Chinnosuke connaissait déjà si bien tous les détails de cette estampe qu’il lui suffisait de fermer les yeux pour la visualiser à la perfection. Pourtant, il continua à la fixer sans la décrocher du regard pendant de longues minutes. Chaque fois qu’il la contemplait, un frisson naissait sous sa peau. Il partait d’un point indistinct entre son pubis et son nombril pour se diffuser dans tout son corps, tiède et délicieux. Comme à son habitude, Chinnosuke imagina le mouvement des combattants, écouta le tintement des lames qui se heurtent l’une contre l’autre, huma l’odeur ferreuse de la mort qui planait au-dessus d’eux. Il joua à se mettre à leur place, aimant par-dessus tout celle du samouraï de droite, dans son kimono bleu. Il gémit quand la lame entra en lui pour lui déchirer les viscères, et qu’une douleur sourde et brûlante le saisit tout entier. Il avait répété cette scène tellement de fois en esprit qu’il sentait le froid du métal contre ses intestins, aussi vrai que nature. Il serra les cuisses, ne sachant que faire de ce sexe dressé qui palpitait tandis qu’il se serrait le ventre, mimant le geste désespéré d’un homme dans ses derniers instants, en proie à une douleur sans nulle autre pareille.

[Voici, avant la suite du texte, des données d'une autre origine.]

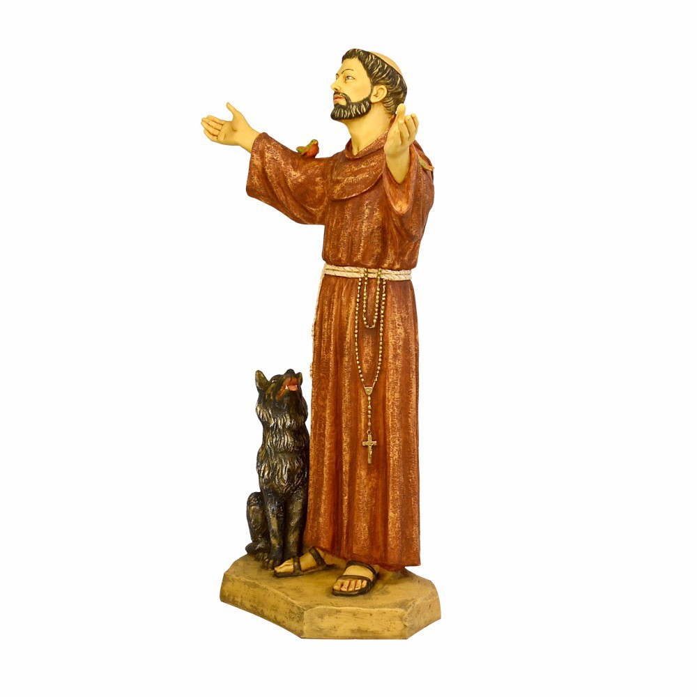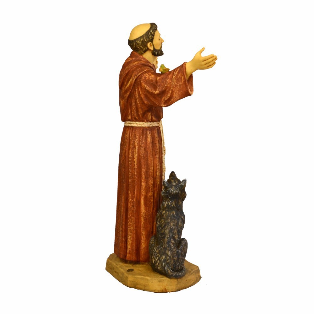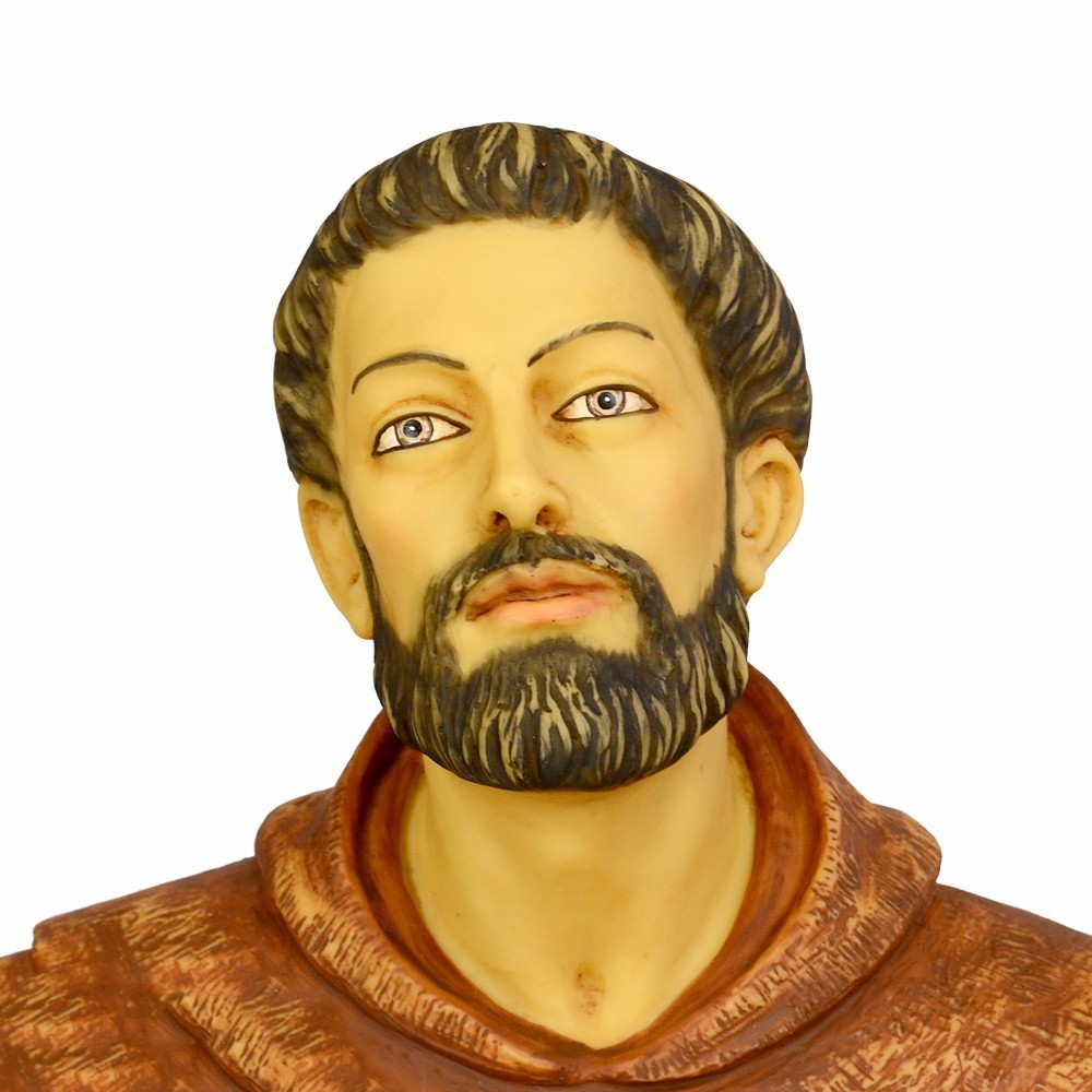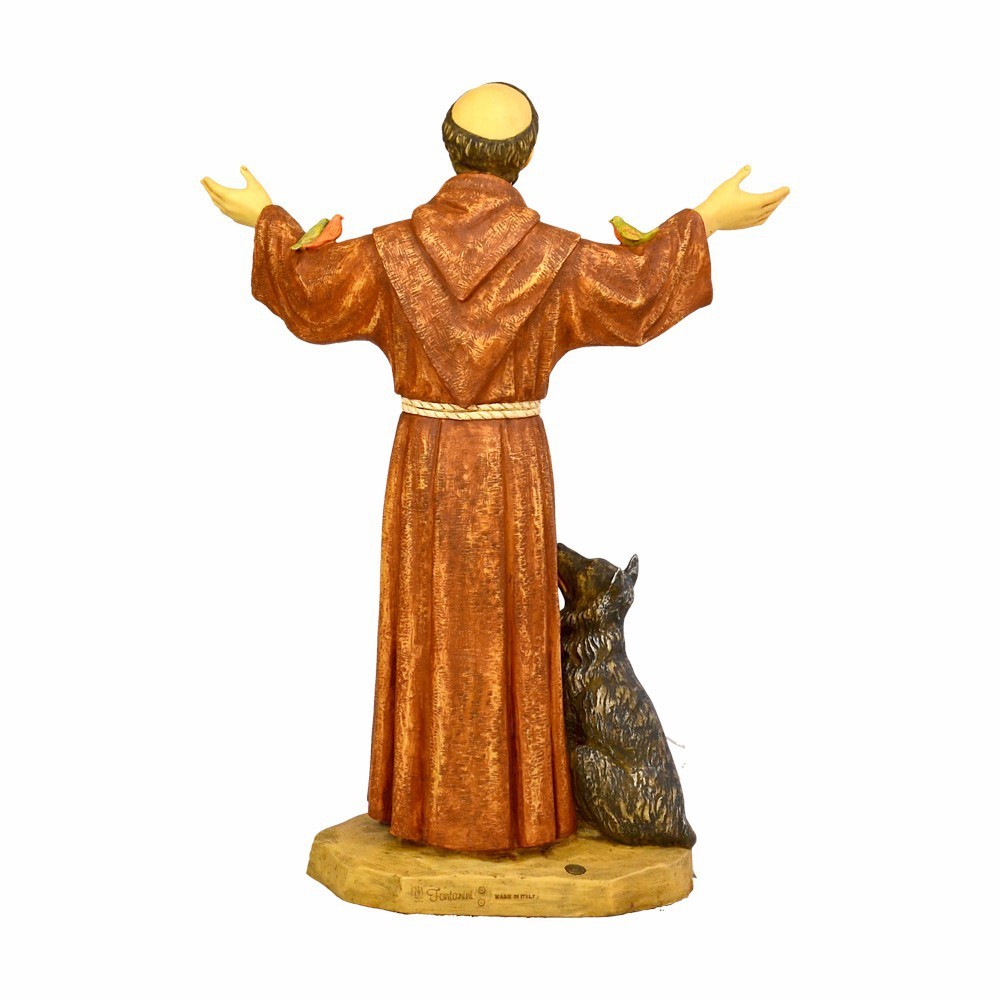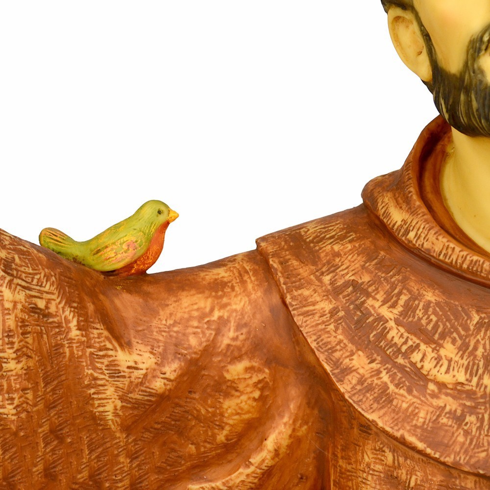 Statue of Saint Francis Of Assisi made of resin. Entirely handpainted. This statue is produced in Italy by the Fontanini company. Excellent quality product. This statue is 105 cm tall.

Son ennemi imaginaire, bien décidé à le terrasser, enfonça d’un coup sec la lame qui ressortit dans son dos. Chinnosuke rejeta la tête en arrière, le visage en feu. Un cri se forma dans sa gorge, mais seul un long gémissement saccadé franchit la barrière de ses lèvres.

La vague passa, laissant derrière elle une félicité sereine. Appuyé sur ses bras tremblants, Chinnosuke reprit son souffle. Il pesta contre le fluide poisseux qui lui collait l’entrejambe. C’était comme ça à chaque fois et il n’avait encore trouvé aucun moyen de l’éviter ; alors, faute de mieux, il faisait avec. L’endroit de son ventre, un peu à gauche du nombril, là où il avait imaginé que l’épée le pénétrait était encore sensible au toucher. Il rangea le rouleau dans son écrin, craignant que quelqu’un n’arrive et le voie. Il ferma le couvercle et soupira. La peau de son visage cuisait toujours, ses joues étaient inondées de sueur. Il les essuya du revers de sa manche et se sentit pris d’un vertige.

Trois petites gouttes de sang tombèrent sur le plancher.